Table 3. HLA typing results for AAA formation in HLA-DQB1 and HLA-DRB1 regions in extension study for both RA and HS subjects by logistic model test.
| HLA Allele | 95% CI | OR | P value | |
|---|---|---|---|---|
| Lower | Upper | |||
| HLA-DQB1*02 | NA | NA | 1.00 | NA |
| HLA-DQB1*03 | 0.76 | 3.02 | 1.46 | 0.26 |
| HLA-DQB1*04 | 0.29 | 5.63 | 1.55 | 0.56 |
| HLA-DQB1*05 | 0.21 | 1.40 | 0.55 | 0.21 |
| HLA-DQB1*06 | 0.64 | 2.99 | 1.36 | 0.42 |
| HLA-DRB1*01 | 0.046 | 0.770 | 0.24 | 0.014§ |
| HLA-DRB1*03 | 0.860 | 3.836 | 1.83 | 0.115 |
| HLA-DRB1*04 | 1.000 | 1.000 | 1.00 | NA |
| HLA-DRB1*07 | 0.050 | 0.826 | 0.25 | 0.021§ |
| HLA-DRB1*08 | 0.002 | 2.043 | 0.26 | 0.254 |
| HLA-DRB1*09 | 0.005 | 5.568 | 0.66 | 0.766 |
| HLA-DRB1*10 | 0.071 | 2.797 | 0.66 | 1.000 |
| HLA-DRB1*11 | 0.781 | 3.375 | 1.63 | 0.191 |
| HLA-DRB1*12 | 0.260 | 4.727 | 1.67 | 0.620 |
| HLA-DRB1*13 | 0.379 | 2.148 | 0.94 | 0.876 |
| HLA-DRB1*14 | 0.356 | 4.273 | 1.41 | 0.588 |
| HLA-DRB1*15 | 0.277 | 1.676 | 0.71 | 0.446 |
| HLA-DRB1*16 | 0.001 | 1.282 | 0.17 | 0.098 |
§ P value significance level is defined at 0.05; CI: confidence interval; OR: odds ratio; NA: not available
*: Allele
Discussion
This study aimed to investigate if HLA alleles are associated with AAA formation. HLA typing analyses were performed to determine whether there is an association between genetic loci in the HLA region and formation of AAAs in subjects with RA or HS. The results of the present analyses suggest that in subjects with RA or HS, carriage of the HLA-DRB1*01 and HLA-DQB1*05 alleles may protect against AAA formation whereas carriage of the HLA-DQB1*03, HLA-DRB1*04, and HLA-DRB1*03 alleles may increase the risk of AAA formation. The results of our analyses for the association of the HLA-DRB1 allele with AAA formation are consistent with recent reports of the association of HLA-DRB1 alleles and anti-drug antibody formation to infliximab and interferon-β[4,17–19]. In patients with IBD treated with infliximab for at least 2 years, carriage of the HLA-DRB1*03 allele was more prevalent in patients who developed antibodies to infliximab than those who did not (OR: 3.6, 95% CI: 1.5 to 8.6) and HLA-DRB1*13 was less prevalent in patients who developed antibodies to infliximab than those who did not (OR: 0.44, 95% CI: 0.22 to 0.91)[4]. In this study for subjects with RA or HS receiving treatment with adalimumab, carriage of the HLA-DRB1*03 allele were shown to confer an increased risk for developing antibodies to Adalimumab (Table 4). Similarly, adalimumab present in the same arginine at position 74 and glutamate at position 71, which were also associated with anti-antibody formation in Infliximab[20] (S1 Fig). The hypothesis from this finding was the possible functional role for the HLA-DRB1*03 allele in antibody formation by showing that the presence of arginine at position 74 and the absence of glutamate at position 71 of the B1-chain encoded by HLA-DRB1 were associated with infliximab antibody formation. Both amino acid positions are located in the peptide binding groove of the HLA-DR complex [21].
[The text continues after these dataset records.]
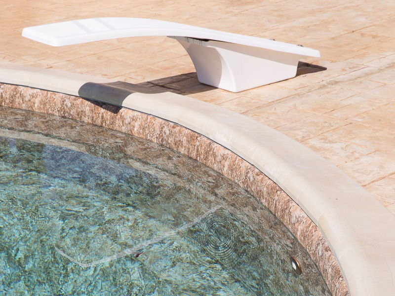 Brede flexibele duikplank, gemaakt van polyesterhars en glasvezel. Onaangetast door UV-stralen en weersinvloeden.
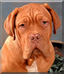 Oh my gosh, just look at that face! I'm in love!!!! What a beautiful Dogue de Bordeaux you are, Arnold, with that gorgeous red-brown fur and that sweet face with those lovely eyes that match your fur. You look sad, but you are really a very happy puppy! You love to sleep in your parents' bed, pushing them out. You also enjoy eating your human sisters' socks, playing in the park, watching football, and, especially, slobbering all over your dear people. You are only five months old but already the size of a small pony! You and they all love each other very much, don't you. What a wonderful love-filled home you share!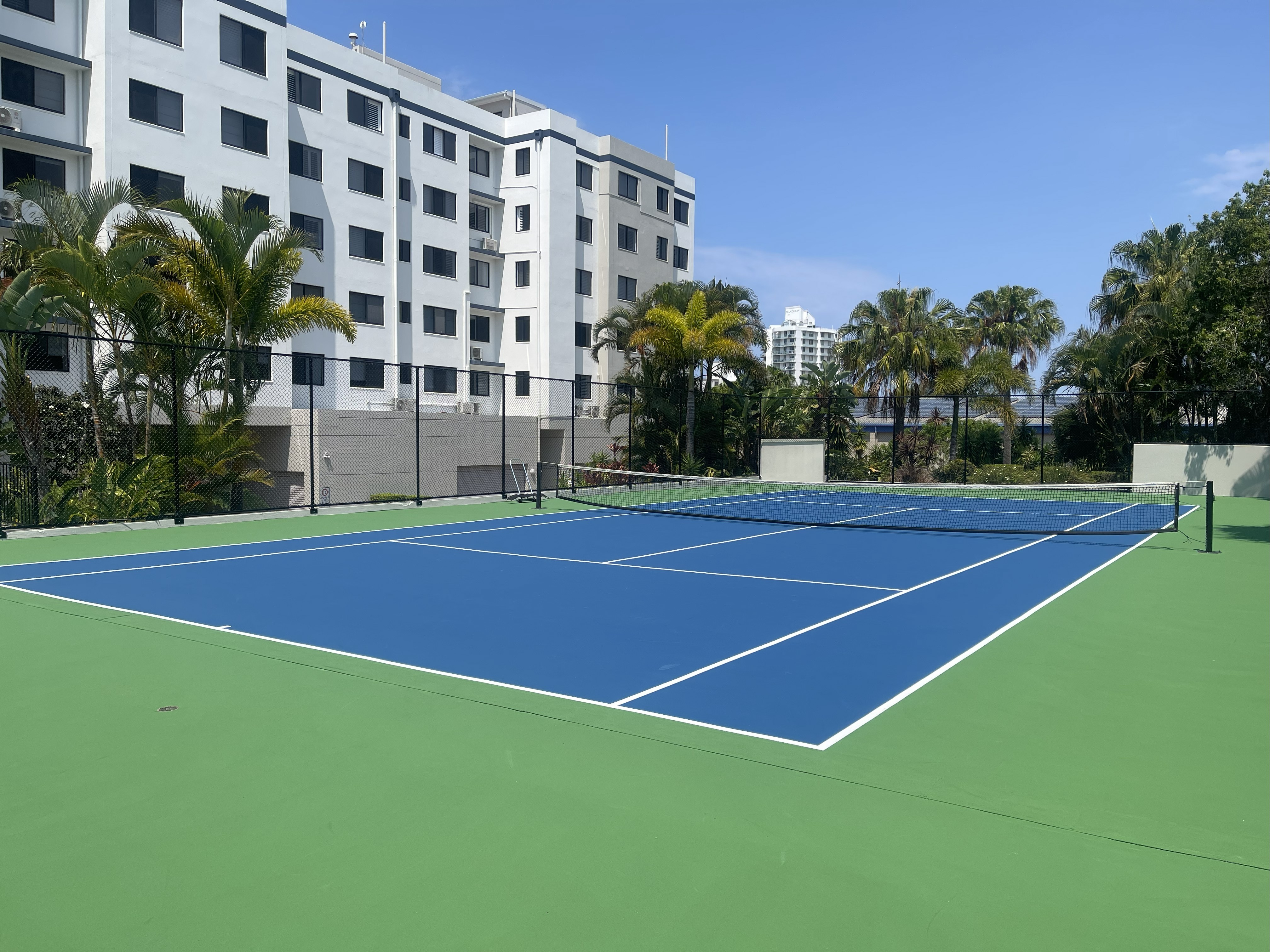 Beyond the apartment, The Mirage delivers a resort-style lifestyle with an impressive suite of amenities. Enjoy a large lagoon-style heated pool, a 15-metre heated lap pool and a children’s pool with a cascading waterfall. Unwind in the spa nestled within tropical gardens, detox in the sauna, or energise in the gym. For recreation, there’s a full-size tennis court lit for night play, a half-size basketball court and shaded barbecue areas perfect for relaxed afternoons with friends. The complex is adjacent to Nelson Park, complete with walking paths and a playground and just moments from a ten-pin bowling alley for added fun.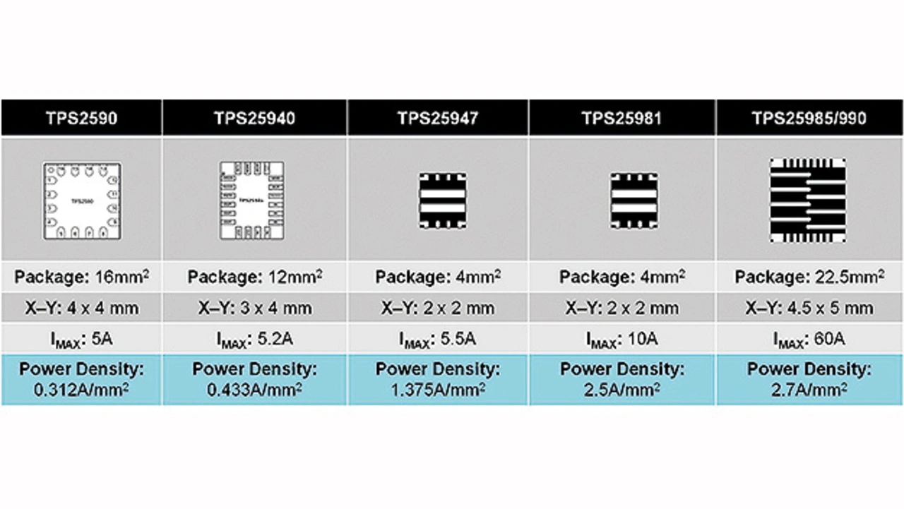 Eine hohe Leistungsdichte ist ein absolutes Muss in modernen Stromversorgungen (Power Supply Units, PSUs) für Server. Die neueste Generation von Server-PSUs ist im Leistungsbereich von 3 kW (250 A bei 12 V) angesiedelt. Bei der Auswahl eines eFuse-Bausteins kommt es darauf an, ein Maximum an Stromtragfähigkeit mit möglichst kleinen Abmessungen zu kombinieren. Der Baustein TPS25985 verkraftet einen Spitzenstrom von 80 A bei einer Gehäusegröße von 4,5 mm x 5 mm. Bild 3 gibt eine Übersicht über einige eFuses von Texas Instruments.

Table 4. Comparison the Allelic association of HLA-DRB1*03 between published anti-infliximab antibody formation in IBD patients and in our AAA formation in RA and HS patients.
The Allelic Association of HLA-DRB1*03 to Anti-infliximab Formation(ATI) among 76 ATI + Subjects and 116 ATI–Subjects [22], and in Formation in RA and HS among 37 AAA + Subjects and 597 AAA- Subjects by Fisher’s Exact Test and Logistic Model Test.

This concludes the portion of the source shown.